I have a PyTorch training on EC2 (plain pytorch, not Ray Train) that trains on thousands of large images (100Mb each). I’m hesitating between:
creating a map-style PyTorch Dataset class fetching images from S3 in the getitem (possibly with a local cache to make epoch 2 read locally),
reading multi-image files sequentially via an iterable dataset, powered by Webdataset. This seems to be SOTA yet doc is a bit sparse
I’m satisfied with neither: option 1 is transparent, easy, but verbose. Option 2 is performant but more opaque (+ requires an additional tar compression step)
I’m wondering: can Ray Datasets save my day here? And power efficient dataloading of large pictures in S3 to a PyTorch script? How?
Hi @Lacruche, Datasets should work great here! Datasets provides an API for reading binary files such as imagery, and has a .to_torch()API that yields a familiar PyTorch IterableDataset that you can directly consume within your PyTorch trainer:
ds_pipe = ray.data.read_binary_files("s3://some/bucket") \
.map(lambda bytes: {"data": to_image(bytes), "label": to_label(bytes)}) \
.repeat(num_epochs)
for epoch, ds in enumerate(ds_pipe.iter_epochs()):
torch_ds: torch.utils.data.IterableDataset = ds.to_torch(...)

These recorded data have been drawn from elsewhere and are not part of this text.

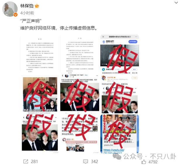 果然,有媒体就此向林保怡工作人员求证,对方直接称是假新闻。很快,林保怡本人也发微博打假 ↓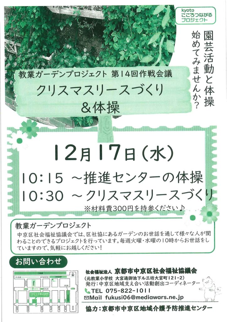 【中京区】クリスマスリースづくり&体操【12月17日(水)】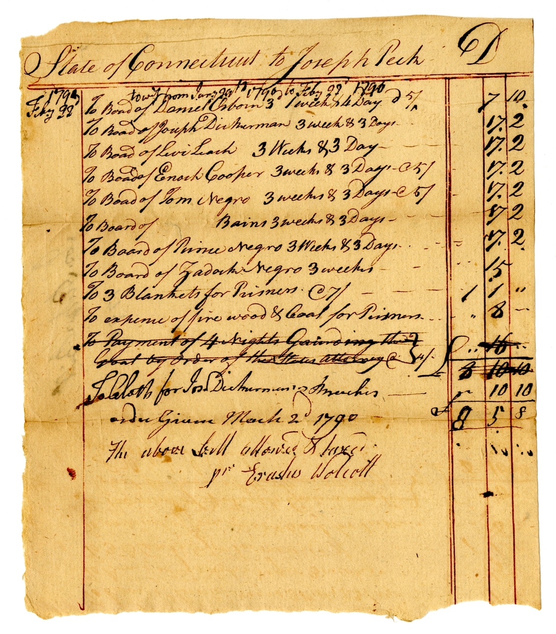 @file_rg003_nhsc_baaI_ps_costs_negroprincetomzadock_005_jpg -> contains -> @bill_1790_02_28:documentState of Connecticut to Joseph Peck Feb 28 To Board of Samuel Osborn 3 weeks & 4 days @ 5/7 7 10 To Board of Joseph Dickinson 3 weeks & 3 days 17 2 To Board of Levi Leach 3 Weeks & 3 Day 17 2 To Board of Enock Cooper 3 weeks & 3 Days @ 5/7 17 2 To Board of Tom Negro 3 weeks & 3 Days @ 5/7 17 2 To Board of Bains 3 weeks & 3 days 17 2 To Board of Prine Negro 3 Weeks & 3 Days 17 2 To Board of Zadock Negro 3 weeks 15 To 3 Blankets for Prisoners @ 7/1 1 1 " To expense of fire wood & Coal for Prisoners " 8 - To Payment of 4 Nights & 1 Morning on the Boat by order of the States Attorney @ $4/ 16 To Cloths for Jos Dickinson's Friends 10 10 order given March 2 1790 The above bill allowed & signed pr: Erastus Wolcott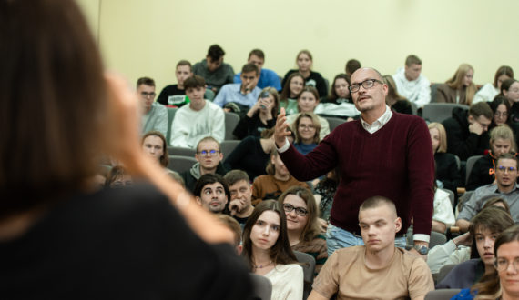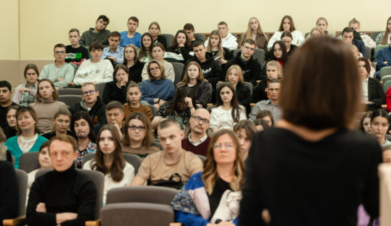 Программа началась с лекции «Почему все такие умные?» для всех желающих во Владимирском государственном университете имени Александра Григорьевича и Николая Григорьевича Столетовых. Евгения Тимонова разъяснила, почему так сложно измерить уровень интеллекта, и рассказала о том, как развивался мозг у наших предков и некоторых животных несколько миллионов лет назад.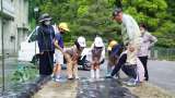 5月27日 1・2年生活科 畑の先生、松井さん夫妻にこつを教わりながら、トウモロ...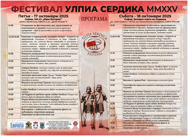 /КРОСС/ Готови ли сте за телепортация във времето? На 17 и 18 октомври 2025 г. жителите и гостите на София ще могат да се върнат 2000 години назад с фестивала „Улпиа Сердика MMXXV". Събитието ще се проведе на 17 октомври (петък) в 140 СОУ „Иван Богоров" в Обеля и на 18 октомври (събота) на археологическия обект „Западната порта на Сердика", в близост до Католическата катедрала „Свети Йосиф" и метростанция „Сердика".
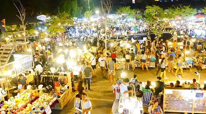 Meski Chatuchak lebih dikenal dengan pasar weekend, versi malamnya menjadi pusat gaya hidup anak muda Bangkok. Produk vintage, secondhand fashion, dan kafe kekinian menjadikan tempat ini populer.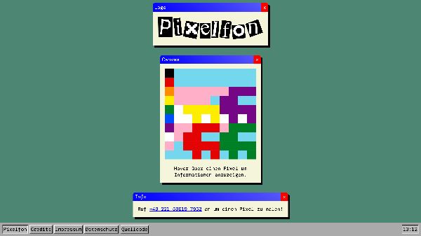 Pixelfon ist Multiplayer Telefon-Spiel, bei dem jeder Pixel eines Bildes mit einem Anruf geändert werden kann. Das Ziel dieses Spieles ist es über...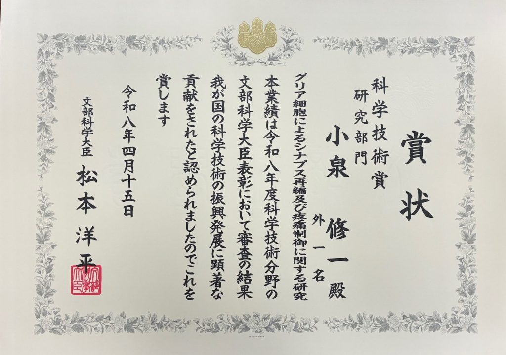 受賞した小泉教授は、「今回の受賞は、30年以上にわたりグリア研究に共に取り組んできた研究室メンバー、学生の皆さん、そして学外の共同研究者の方々のご尽力の賜物であり、皆さんを代表して頂いたものと受け止めております。本研究により、グリア細胞がシナプスおよび神経ネットワークの再編という、脳の中核的機能の制御において中心的な役割を担うことが明らかとなりました。今後は、慢性痛にとどまらず、さまざまな脳疾患や発達期における神経ネットワーク形成の解明へと研究を発展させていきたいと考えております。」とコメントしています。
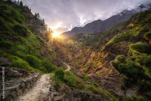Sonne scheint in die Caldera de Taburiente auf La Palma

for batch_idx, data in enumerate(torch_ds):
# get the inputs; data is a list of [inputs, labels]
inputs, labels = data
# zero the parameter gradients
optimizer.zero_grad()
# forward + backward + optimize
outputs = net(inputs)
loss = criterion(outputs, labels)
loss.backward()
optimizer.step()
The imagery will be read into and held in distributed memory, and will be fed to your trainer(s) with options for prefetching, batching, etc.

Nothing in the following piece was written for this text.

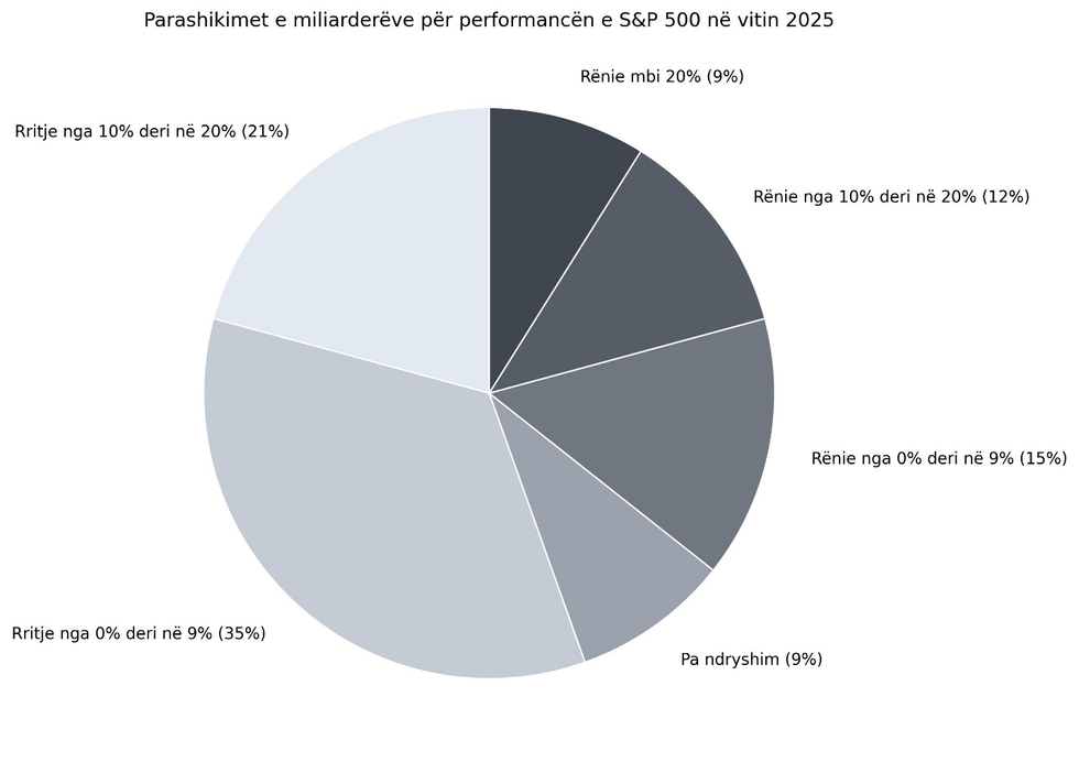 S&P 500 e mbylli vitin me një rritje prej 16%. Ky është një kthim mbi mesataren për indeksin, i cili historikisht ka shënuar rreth 10% rritje vjetore gjatë shtatë dekadave të fundit, megjithëse më i ulët se 23% dhe 24% në vitet 2024 dhe 2023, respektivisht. Megjithatë, miliarderët ishin më pak optimistë. Gati gjysma mendonin se tregu do të ishte i qëndrueshëm ose në rënie në vitin 2025. Një tjetër 35%, grupi më i madh nga të gjithë, parashikuan rritje, por vetëm me shifra një-shifrore. Vetëm 7 nga 34 miliarderët e anketuar, ose 21%, e parashikuan saktë që S&P do ta mbyllte vitin me një rritje midis 10% dhe 20%.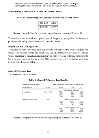 the presence of a decimal value in theF ARDL model. This test is conducted according

Hey @Lacruche . Another alternate you could consider is Activeloop Hub. It’s a OSS format optimized for computer vision data, and it’s primary benefit is the ability to stream data while training models. The Python API is also very simple, and you can continue to store your data in your S3 Bucket.
Full disclosure, I work for Activeloop, but we’d love if you give it a shot.